Exact reproductions of all the entries, please, and no pictures.

Listed records below:

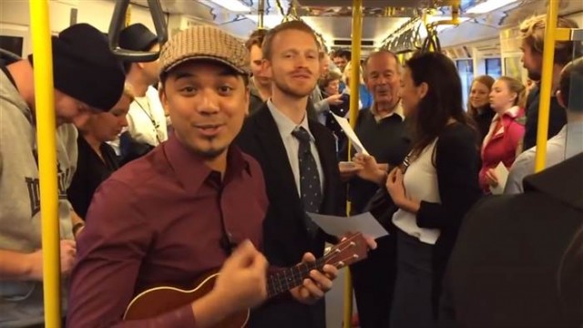 这不是印度电影或《歌舞青春》的剧情。7月20日,澳大利亚珀斯的一个周一早上,这样的事情的确发生了。只靠几个人和一把尤克里里,就将地铁车厢的气氛炒得火热。
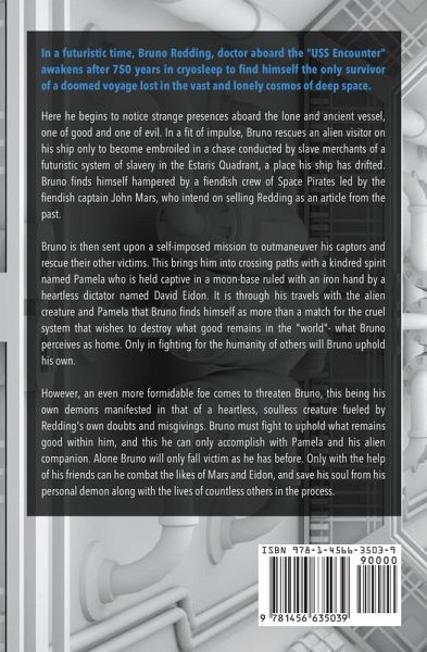 In a futuristic time, Bruno Redding, doctor aboard the "USS Encounter" awakens after 750 years in cryosleep to find himself the only survivor of a doomed voyage lost in the vast and lonely cosmos of deep space. Here he begins to notice strange presences aboard the lone and ancient vessel, one of good and one of evil. In a fit of impulse, Bruno rescues an alien visitor on his ship only to become embroiled in a chase conducted by slave merchants of a futuristic system of slavery in the Estaris Quadrant, a place his ship has drifted. Bruno finds himself hampered by a fiendish crew of Space Pirates led by the fiendish captain John Mars, who intend on selling Redding as an article from the past. Bruno is then sent upon a self-imposed mission to outmaneuver his captors and rescue their other victims. This brings him into crossing paths with a kindred spirit named Pamela who is held captive in a moon-base ruled with an iron hand by a heartless dictator named David Eidon. It is through his travels with the alien creature and Pamela that Bruno finds himself as more than a match for the cruel system that wishes to destroy what good remains in the "world"- what Bruno perceives as home. Only in fighting for the humanity of others will Bruno uphold his own. However, an even more formidable foe comes to threaten Bruno, this being his own demons manifested in that of a heartless, soulless creature fueled by Redding's own doubts and misgivings. Bruno must fight to uphold what remains good within him, and this he can only accomplish with Pamela and his alien companion. Alone Bruno will only fall victim as he has before. Only with the help of his friends can he combat the likes of Mars and Eidon, and save his soul from his personal demon along with the lives of countless others in the process.
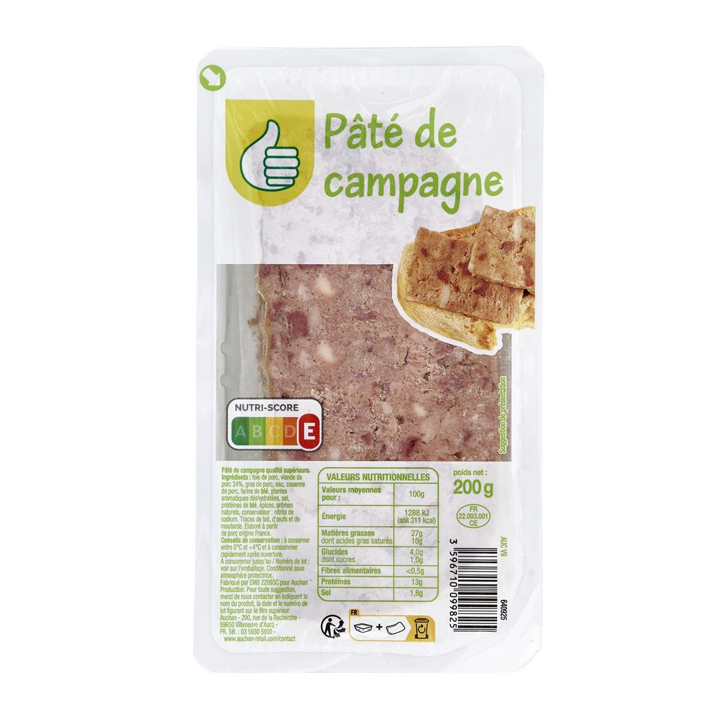 Ingrédients : Foie de porc, viande de porc 24%, gras de porc, eau, couenne de porc, farine de BLÉ, plantes aromatiques déshydratées, sel, protéines de BLÉ, épices, arômes naturels, conservateur : nitrite de sodium. Traces de lait, d'œufs et de moutarde. Elaboré à partir de porc origine France.
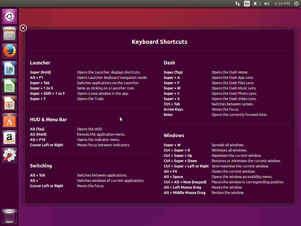Вообще, все основные горячие клавиши Ubuntu можно посмотреть при первом запуске Ubuntu. Система выдаст вот такое окно, в котором все подробно расписано:
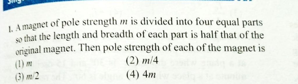 A magnet of pole strength m is divided into 4 equal parts so that the length and breadth of each part is half that of the original magnet. The pole strength of each of the magnet is A magnet of pole strength m is divided into 4 equal parts so that the length and breadth of each part is half that of the original magnet. The pole strength of each of the magnet is October 18, 2020 Category: Uncategorised (JEE Advanced Physics by BM Sharma + GMP Solutions) , Facebook Messenger WhatsApp Share this:TwitterFacebook Related
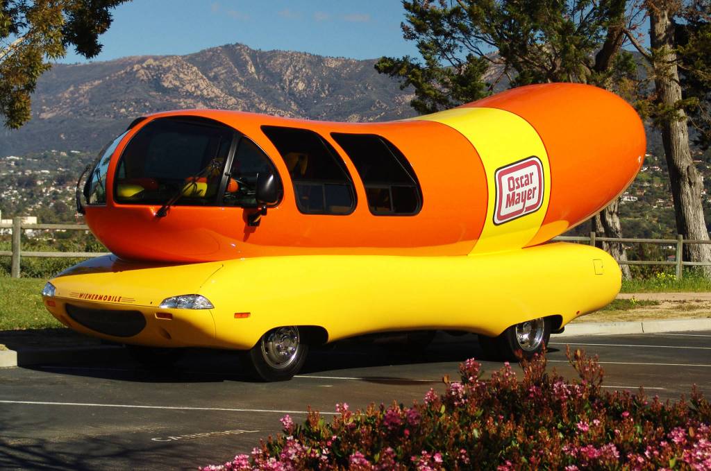Oscar Mayer staff encourages people to come take pictures, meat the Hotdoggers who drive this coast-to-coast wiener roast, take a peak under the bun and make sure you don’t leave without an iconic Wiener Whistle. The West Team drivers feature the nicknames of Tommy Salami and Niener Wiener. Although the Wienermobile promotes Oscar Mayer products, no food is served.
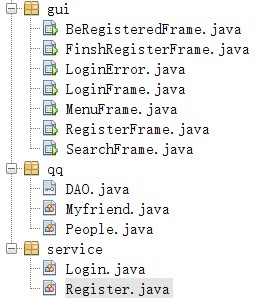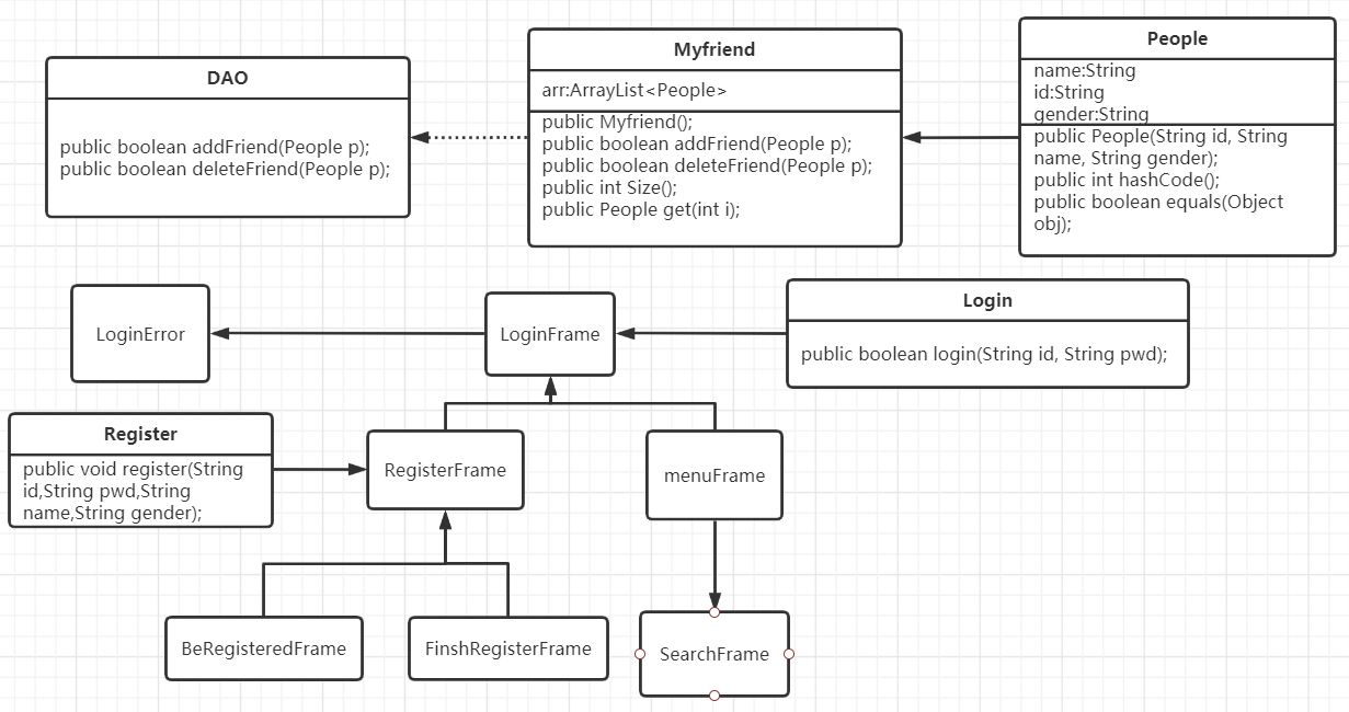 主要的类是 Myfriend 和People,Myfriend 用到了ArrayList用于存储People信息,Myfriend里的方法是添加People到Myfriend里,或者删除People从Myfriend。People类中有name、id、gener三个属性,方法是他们各自的set/get和public People(String id,String name,String gender); 使用ArrayList的原因是因为存储People的信息到列表里,然后依次遍历查询就可以了。
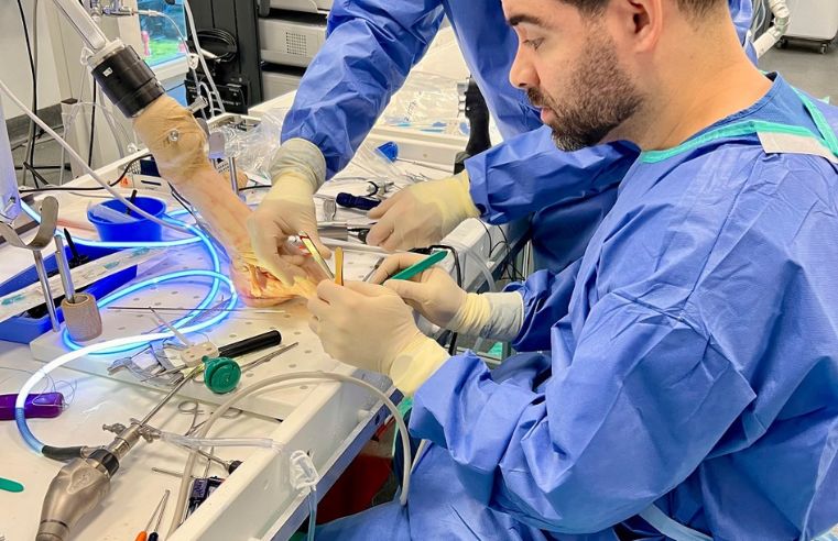 Entre as novidades, o médico destacou a videoartroscopia para cirurgias no pé e tornozelo. Além disso, ele trouxe a SpeedBridge Miss, técnica voltada para lesões no tendão de Aquiles. Esse método utiliza pequenos cortes, o que torna o processo menos agressivo. Dessa forma, o paciente sente menos dor e recupera a mobilidade em menos tempo.
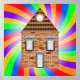 Una casa de ladrillo rodeada de colores arcoiris muy coloridos. Este diseño parece realmente efectivo en este Poster
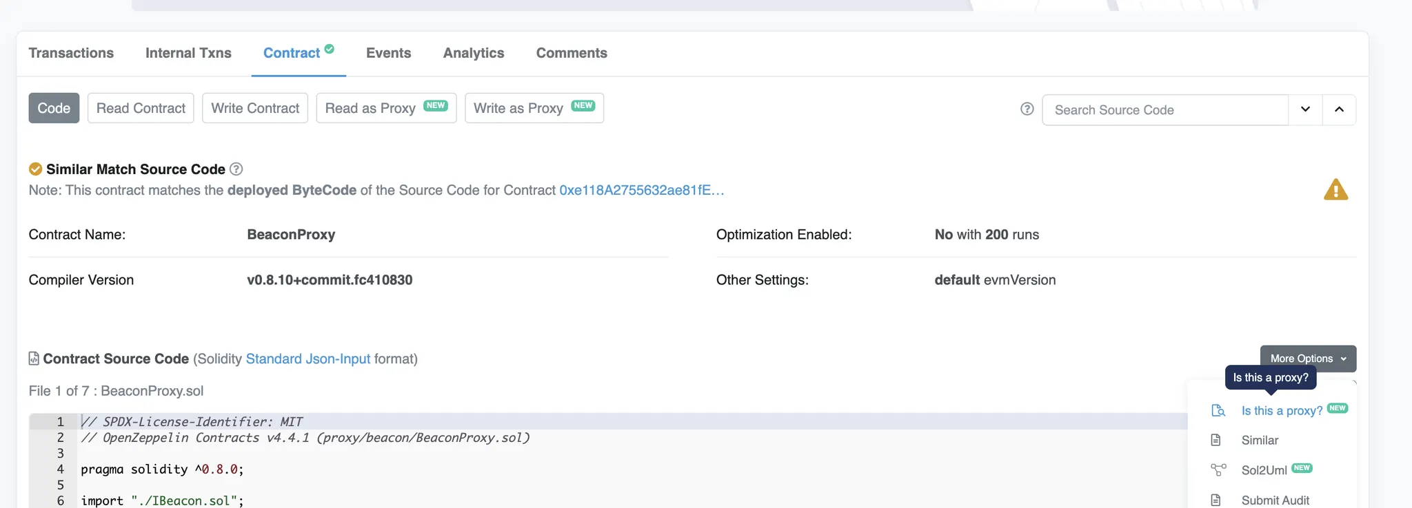 아래와 같이 Contract 메뉴에서 우측에 “More Options” > Is this a proxy 를 눌려 주세요.
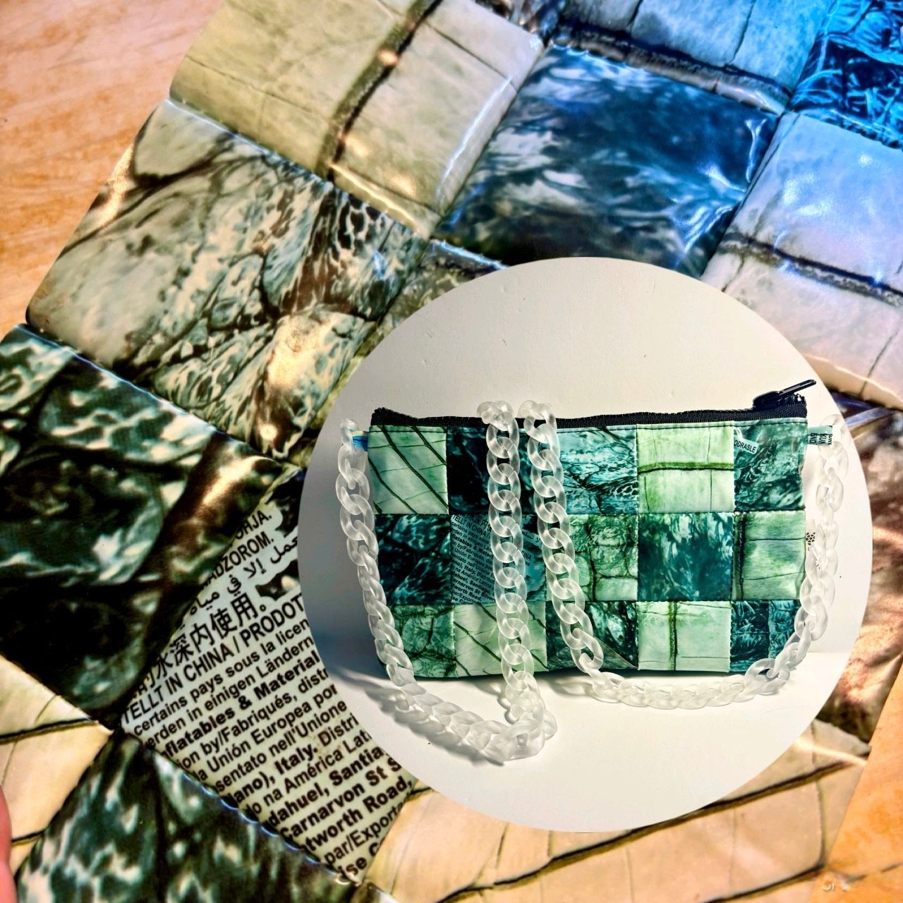 Sustainable Patchwork Evening Purse Clutch Bag – Eco-Friendly Purse Made from Upcycled Pool Inflatables
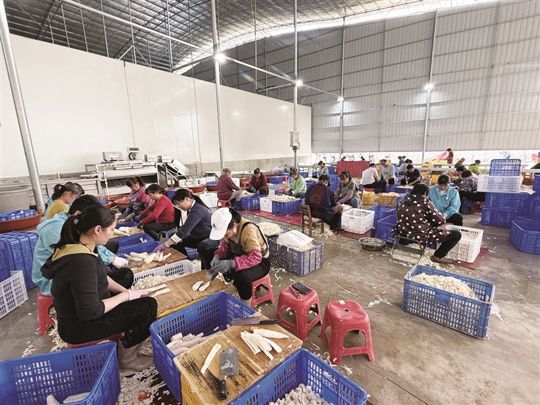 在众多规上农产品加工企业中,龙头企业的带动作用看得见摸得着。柳州市农业农村局乡村产业发展科相关负责人介绍,城中区环江村土地平整、气候适宜,之所以发展水晶木薯种植,正是基于它经过精深加工后巨大的增值空间。

End of Listed records.

→ **Expected output**:
 这不是印度电影或《歌舞青春》的剧情。7月20日,澳大利亚珀斯的一个周一早上,这样的事情的确发生了。只靠几个人和一把尤克里里,就将地铁车厢的气氛炒得火热。
 In a futuristic time, Bruno Redding, doctor aboard the "USS Encounter" awakens after 750 years in cryosleep to find himself the only survivor of a doomed voyage lost in the vast and lonely cosmos of deep space. Here he begins to notice strange presences aboard the lone and ancient vessel, one of good and one of evil. In a fit of impulse, Bruno rescues an alien visitor on his ship only to become embroiled in a chase conducted by slave merchants of a futuristic system of slavery in the Estaris Quadrant, a place his ship has drifted. Bruno finds himself hampered by a fiendish crew of Space Pirates led by the fiendish captain John Mars, who intend on selling Redding as an article from the past. Bruno is then sent upon a self-imposed mission to outmaneuver his captors and rescue their other victims. This brings him into crossing paths with a kindred spirit named Pamela who is held captive in a moon-base ruled with an iron hand by a heartless dictator named David Eidon. It is through his travels with the alien creature and Pamela that Bruno finds himself as more than a match for the cruel system that wishes to destroy what good remains in the "world"- what Bruno perceives as home. Only in fighting for the humanity of others will Bruno uphold his own. However, an even more formidable foe comes to threaten Bruno, this being his own demons manifested in that of a heartless, soulless creature fueled by Redding's own doubts and misgivings. Bruno must fight to uphold what remains good within him, and this he can only accomplish with Pamela and his alien companion. Alone Bruno will only fall victim as he has before. Only with the help of his friends can he combat the likes of Mars and Eidon, and save his soul from his personal demon along with the lives of countless others in the process.
 Ingrédients : Foie de porc, viande de porc 24%, gras de porc, eau, couenne de porc, farine de BLÉ, plantes aromatiques déshydratées, sel, protéines de BLÉ, épices, arômes naturels, conservateur : nitrite de sodium. Traces de lait, d'œufs et de moutarde. Elaboré à partir de porc origine France.
Вообще, все основные горячие клавиши Ubuntu можно посмотреть при первом запуске Ubuntu. Система выдаст вот такое окно, в котором все подробно расписано:
 A magnet of pole strength m is divided into 4 equal parts so that the length and breadth of each part is half that of the original magnet. The pole strength of each of the magnet is A magnet of pole strength m is divided into 4 equal parts so that the length and breadth of each part is half that of the original magnet. The pole strength of each of the magnet is October 18, 2020 Category: Uncategorised (JEE Advanced Physics by BM Sharma + GMP Solutions) , Facebook Messenger WhatsApp Share this:TwitterFacebook Related
Oscar Mayer staff encourages people to come take pictures, meat the Hotdoggers who drive this coast-to-coast wiener roast, take a peak under the bun and make sure you don’t leave without an iconic Wiener Whistle. The West Team drivers feature the nicknames of Tommy Salami and Niener Wiener. Although the Wienermobile promotes Oscar Mayer products, no food is served.
 主要的类是 Myfriend 和People,Myfriend 用到了ArrayList用于存储People信息,Myfriend里的方法是添加People到Myfriend里,或者删除People从Myfriend。People类中有name、id、gener三个属性,方法是他们各自的set/get和public People(String id,String name,String gender); 使用ArrayList的原因是因为存储People的信息到列表里,然后依次遍历查询就可以了。
 Entre as novidades, o médico destacou a videoartroscopia para cirurgias no pé e tornozelo. Além disso, ele trouxe a SpeedBridge Miss, técnica voltada para lesões no tendão de Aquiles. Esse método utiliza pequenos cortes, o que torna o processo menos agressivo. Dessa forma, o paciente sente menos dor e recupera a mobilidade em menos tempo.
 Una casa de ladrillo rodeada de colores arcoiris muy coloridos. Este diseño parece realmente efectivo en este Poster
 아래와 같이 Contract 메뉴에서 우측에 “More Options” > Is this a proxy 를 눌려 주세요.
 Sustainable Patchwork Evening Purse Clutch Bag – Eco-Friendly Purse Made from Upcycled Pool Inflatables
 在众多规上农产品加工企业中,龙头企业的带动作用看得见摸得着。柳州市农业农村局乡村产业发展科相关负责人介绍,城中区环江村土地平整、气候适宜,之所以发展水晶木薯种植,正是基于它经过精深加工后巨大的增值空间。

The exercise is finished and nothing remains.